§ Work item:
Your task is to retype every entry exactly while omitting the pictures.

§ Records provided:
=== Section Start ===

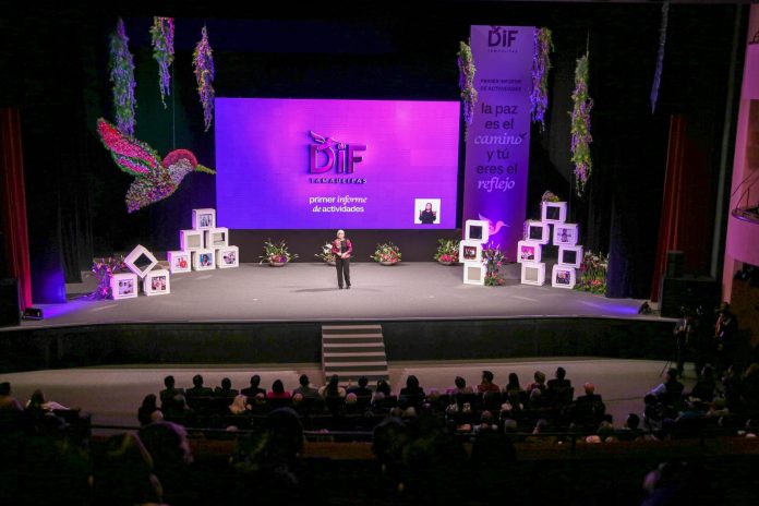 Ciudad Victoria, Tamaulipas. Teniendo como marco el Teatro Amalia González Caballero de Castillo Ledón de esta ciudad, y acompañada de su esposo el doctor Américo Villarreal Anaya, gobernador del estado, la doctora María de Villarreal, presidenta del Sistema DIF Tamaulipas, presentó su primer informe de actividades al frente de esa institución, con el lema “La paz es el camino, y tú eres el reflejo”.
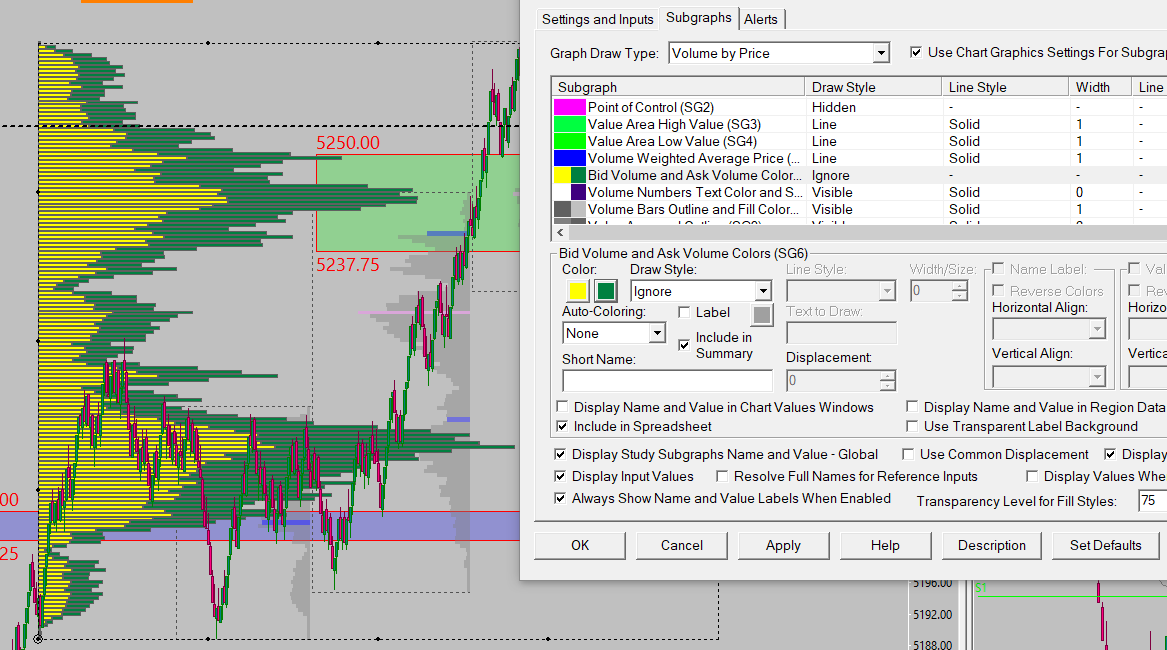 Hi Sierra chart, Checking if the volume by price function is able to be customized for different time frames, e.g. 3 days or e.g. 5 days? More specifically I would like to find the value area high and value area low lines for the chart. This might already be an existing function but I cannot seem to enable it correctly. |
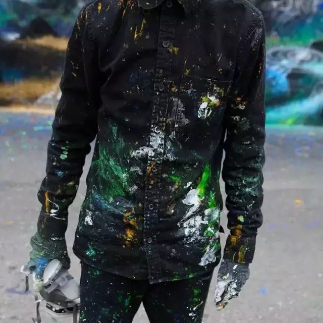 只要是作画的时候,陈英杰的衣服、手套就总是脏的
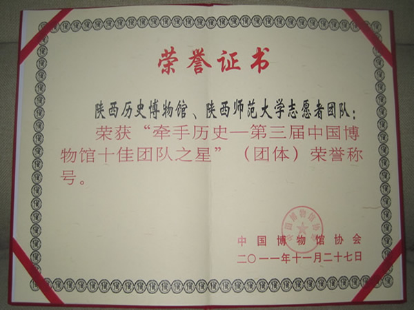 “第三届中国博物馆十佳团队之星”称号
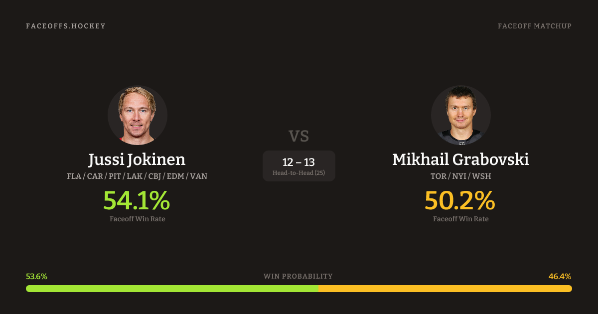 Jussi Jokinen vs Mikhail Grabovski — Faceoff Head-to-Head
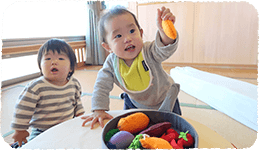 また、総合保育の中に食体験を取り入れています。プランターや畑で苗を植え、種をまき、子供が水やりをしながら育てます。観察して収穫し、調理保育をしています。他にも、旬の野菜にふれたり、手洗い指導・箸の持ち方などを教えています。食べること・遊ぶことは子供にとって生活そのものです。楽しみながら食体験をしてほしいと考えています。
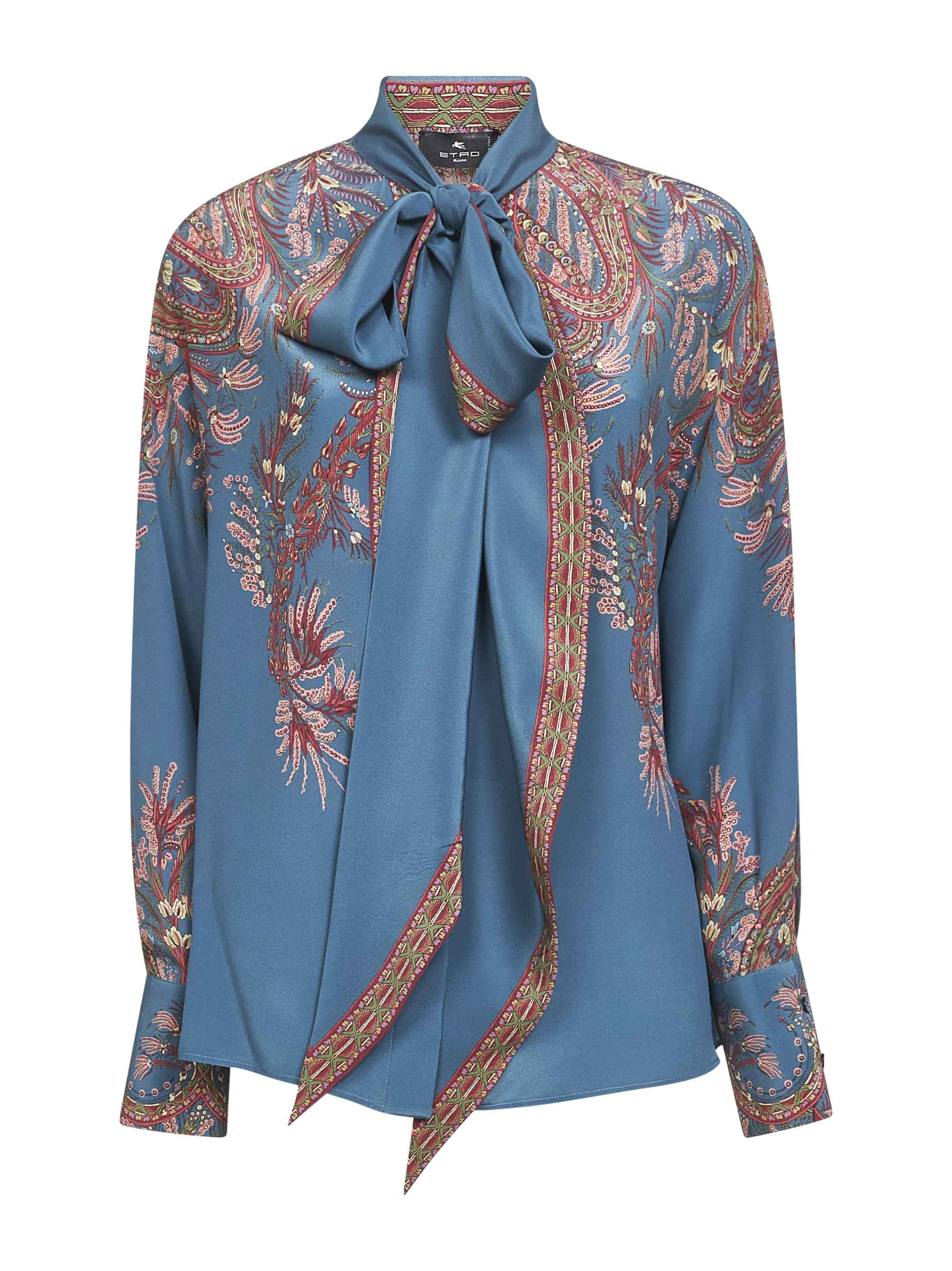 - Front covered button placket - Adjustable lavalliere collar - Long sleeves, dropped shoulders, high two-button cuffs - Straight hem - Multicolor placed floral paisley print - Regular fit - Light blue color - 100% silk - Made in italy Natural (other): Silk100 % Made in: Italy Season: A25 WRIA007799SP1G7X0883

=== Section End ===

§ Problem solution:
 Ciudad Victoria, Tamaulipas. Teniendo como marco el Teatro Amalia González Caballero de Castillo Ledón de esta ciudad, y acompañada de su esposo el doctor Américo Villarreal Anaya, gobernador del estado, la doctora María de Villarreal, presidenta del Sistema DIF Tamaulipas, presentó su primer informe de actividades al frente de esa institución, con el lema “La paz es el camino, y tú eres el reflejo”.
 Hi Sierra chart, Checking if the volume by price function is able to be customized for different time frames, e.g. 3 days or e.g. 5 days? More specifically I would like to find the value area high and value area low lines for the chart. This might already be an existing function but I cannot seem to enable it correctly. |
 只要是作画的时候,陈英杰的衣服、手套就总是脏的
 “第三届中国博物馆十佳团队之星”称号
 Jussi Jokinen vs Mikhail Grabovski — Faceoff Head-to-Head
 また、総合保育の中に食体験を取り入れています。プランターや畑で苗を植え、種をまき、子供が水やりをしながら育てます。観察して収穫し、調理保育をしています。他にも、旬の野菜にふれたり、手洗い指導・箸の持ち方などを教えています。食べること・遊ぶことは子供にとって生活そのものです。楽しみながら食体験をしてほしいと考えています。
 - Front covered button placket - Adjustable lavalliere collar - Long sleeves, dropped shoulders, high two-button cuffs - Straight hem - Multicolor placed floral paisley print - Regular fit - Light blue color - 100% silk - Made in italy Natural (other): Silk100 % Made in: Italy Season: A25 WRIA007799SP1G7X0883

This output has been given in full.